Well, I'm sorry she'd be alone. It would be hard on her for a while. But the world doesn't revolve around K, and the needs of seven other people are involved as well. And if Mom is to be properly cared for, all seven would be better off in Oregon. Besides, K has friends, who should be able to keep her from getting too lonely, and she has a good salary and a lot of days off to come visit anytime she wants. Yet she refuses the obvious solution. Because it would be hard on her.

Before I left to come back home, my mom said, "I don't know what I'm going to do on Tuesday after you leave." It broke my heart. Because what I want most is for her to never have to think that again, to never wonder again if she'll get all the help she needs. And I -- we, I mean -- could give that to her. If only they'd let us.

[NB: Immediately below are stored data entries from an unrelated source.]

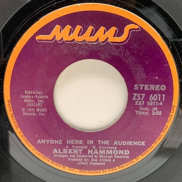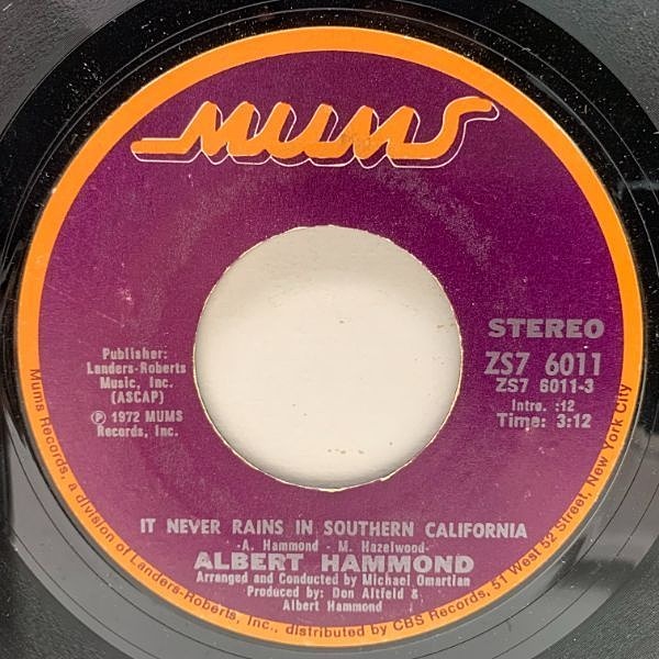 英国SSW、アルバート・ハモンドのシングル。日本では南沙織がカヴァーしたことでも知られるヒットナンバー "カリフォルニアの青い空/It Never Rains In Southern California" を収録。
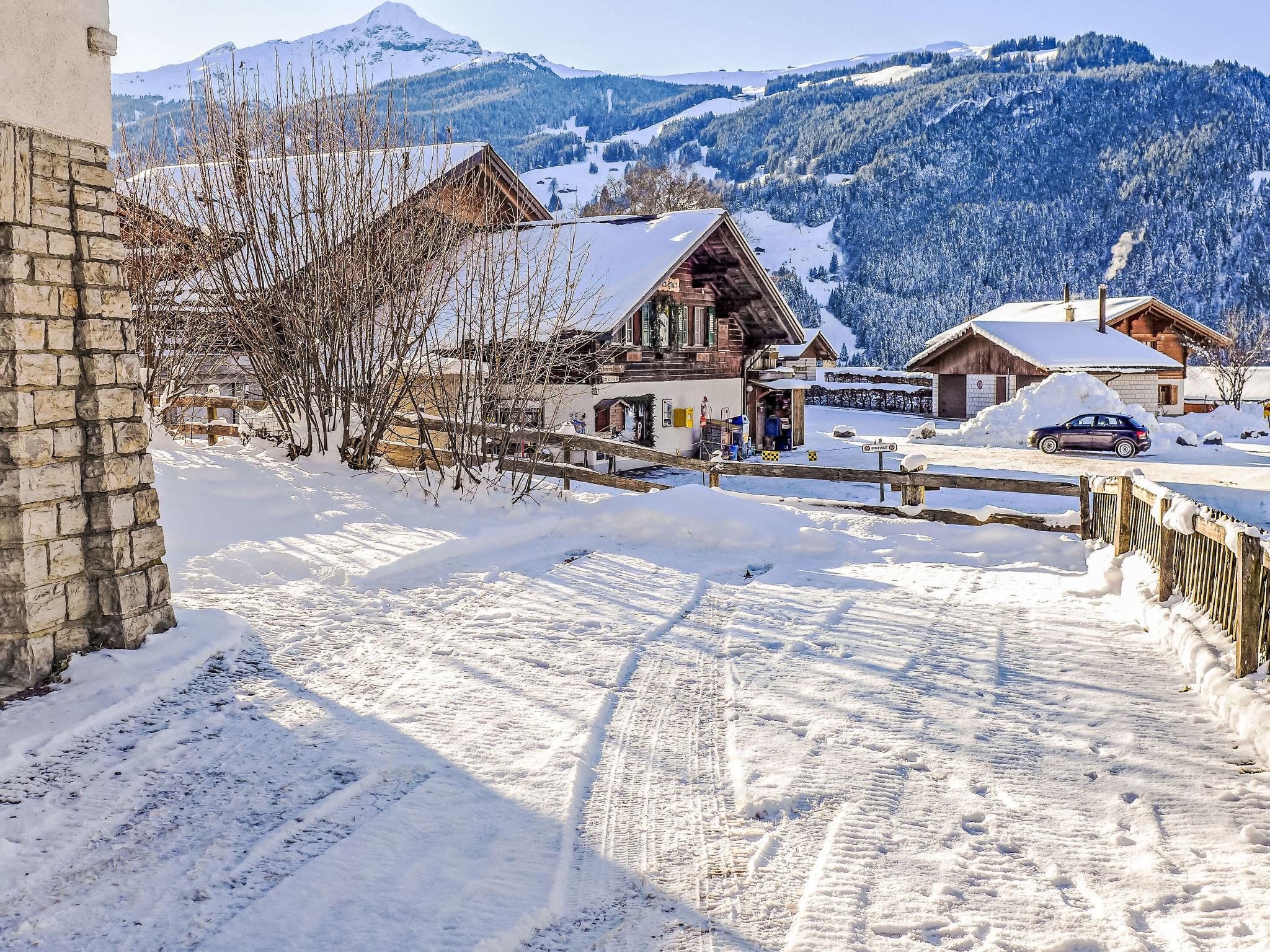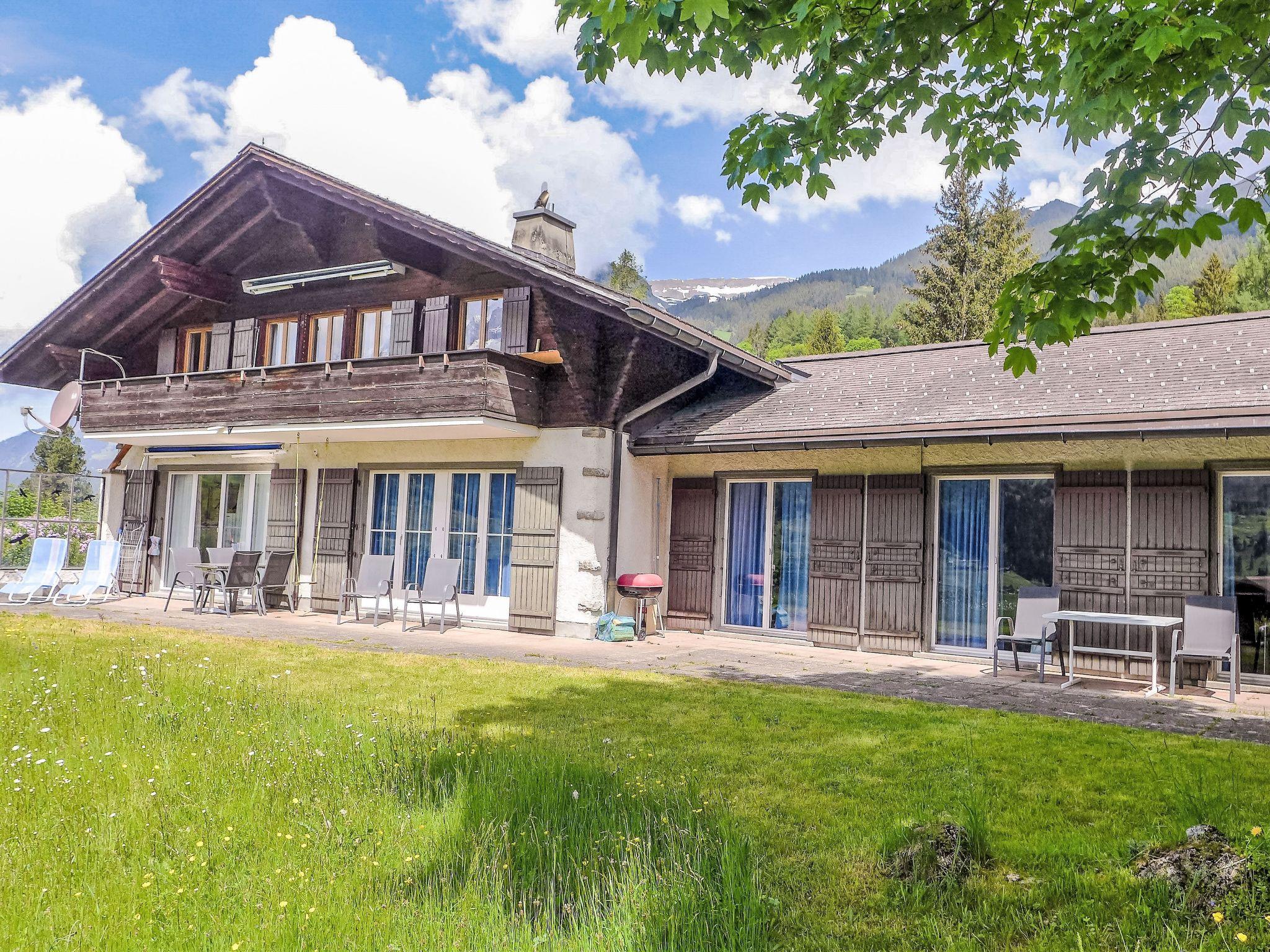 Beautiful apartment house "Chalet Jolimont", surrounded by meadows. In the district of auf dem Stutz, 1.6 km from the centre, in a quiet, sunny position, south facing position. For shared use: garden, meadow. In the house: storage room for skis, central heating system. In Winter: please take snow chains. Stepped path to the house. Parking at the house. Supermarket 1.7 km, shopping centre 1.7 km, restaurant 500 m, bicycle rental 1.9 km, bus stop "Stutz" 50 m, railway station "Grindelwald Dorf" 1.6 km, outdoor swimming pool 2.5 km, indoor swimming pool 1.7 km. Golf course (9 hole) 3 km, tennis 2.5 km, minigolf 2 km, sports centre 1.7 km, mountain railway 3 km, gondola lift 2 km, ski rental 1.7 km, ski bus stop 50 m, cross country ski track 2.5 km, children's playground 1.7 km. Well-known lakes can easily be reached: Thuner-/Brienzersee 20 km. Please note: no lift. Ski bus (free of charge). Additional accommodations can be booked. Neighbourhood highly sensitive to noise. Quietness and good behaviour expected.
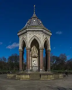 The fountain was designed in 1862 by Henry Astley Darbsihire and erected by Baroness Burdett Coutts at a cost of £5,000.[1] The fountain is made out of granite, and is a 28 feet (8.5 m) diameter octagon with 60 feet (18 m) red granite columns, in the Gothic style, and is situated near to the Hackney gate of the park.[2][3] The opening of the fountain in 1862 was attended by 10,000 spectators.[4][5] The year after the fountain was installed, The Illustrated London News called Victoria Park the best people's park in London, due to its facilities such as the fountain.[6] In his Dictionary of London, Charles Dickens, Jr. described the fountain as "beautiful".[7]
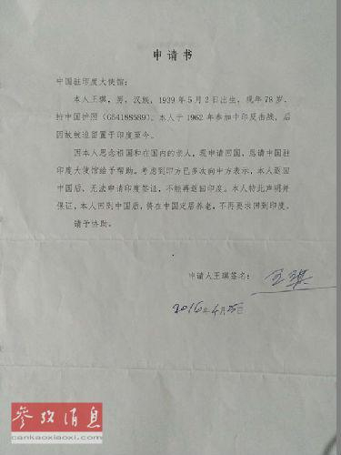2012年,王琪老人向中国驻印度使馆求助,他表示没有任何身份证明,要求申请中国护照。中国驻印使馆迅速与国内相关部门和亲属核实王琪身份,由于与国内失联久远,经国内相关部门和地方政府反复核实,才确认了王琪的身份。2013年5月,当王琪拿到中国护照那一刻,老人激动万分。
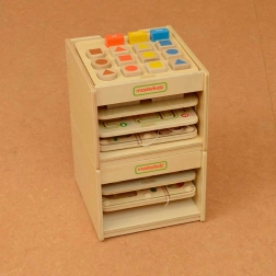 Dulap din lemn Masterkidz oferă o soluție de stocare practică și ecologică pentru tablele dumneavoastră educaționale. Cu capacitatea sa de până la trei table de 28 x 28 cm, este ideal pentru organizarea colecțiilor mici. Pe partea de sus a dulapului poate fi plasată o altă tablă, iar dacă aveți nevoie de o capacitate mai mare, puteți adăuga pur și simplu un al doilea dulap deasupra.
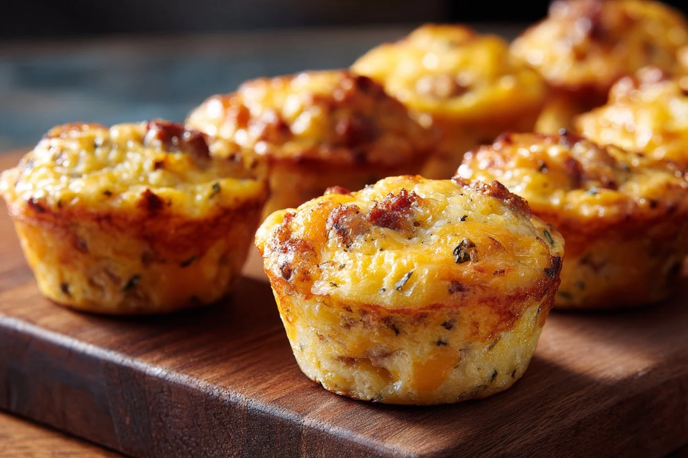 Start your day with these warm, fluffy mini egg muffins packed with savory sausage and gooey cheese, perfect for busy mornings.
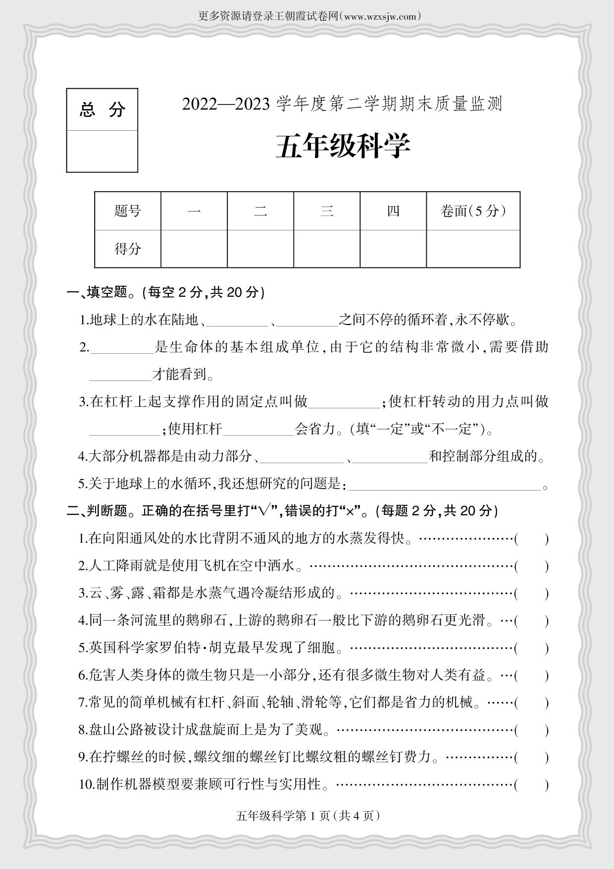 河北省保定市定州市2022-2023学年度第二学期期末质量检测五年级科学(冀人版)

But they won't.


  1. if she is anywhere close to Burbank at all I'd be proud to go hang out with your Moms and comb her hair and do her nails and read some books or watch Movies (on the laptop).

    I understand the long distance family being ill and it breaking your heart.

    I lost my Gramma not to long ago. I was here in So. Cal. and she was in Texas. it was horrible.

  2. I have a similar experience with my aunt and grandma right now. I don't believe that my aunt wants to be close to grandma or care for her, she just wants to live in a much bigger house than she could ever afford on her own. I fear for the day when grandma actually needs someone to be there for her.

  3. Wow Mayren, that's so nice of you, I don't know what to say. Unfortunately, Mom lives way out in Victorville, and she's not really comfortable with people she doesn't know, so it wouldn't be practical, but thank you so much for the thought.

    Andrea, and if your aunt is anything like my sister, she probably doesn't even like living with your grandma very much, nor actually enjoy the house itself. Sigh.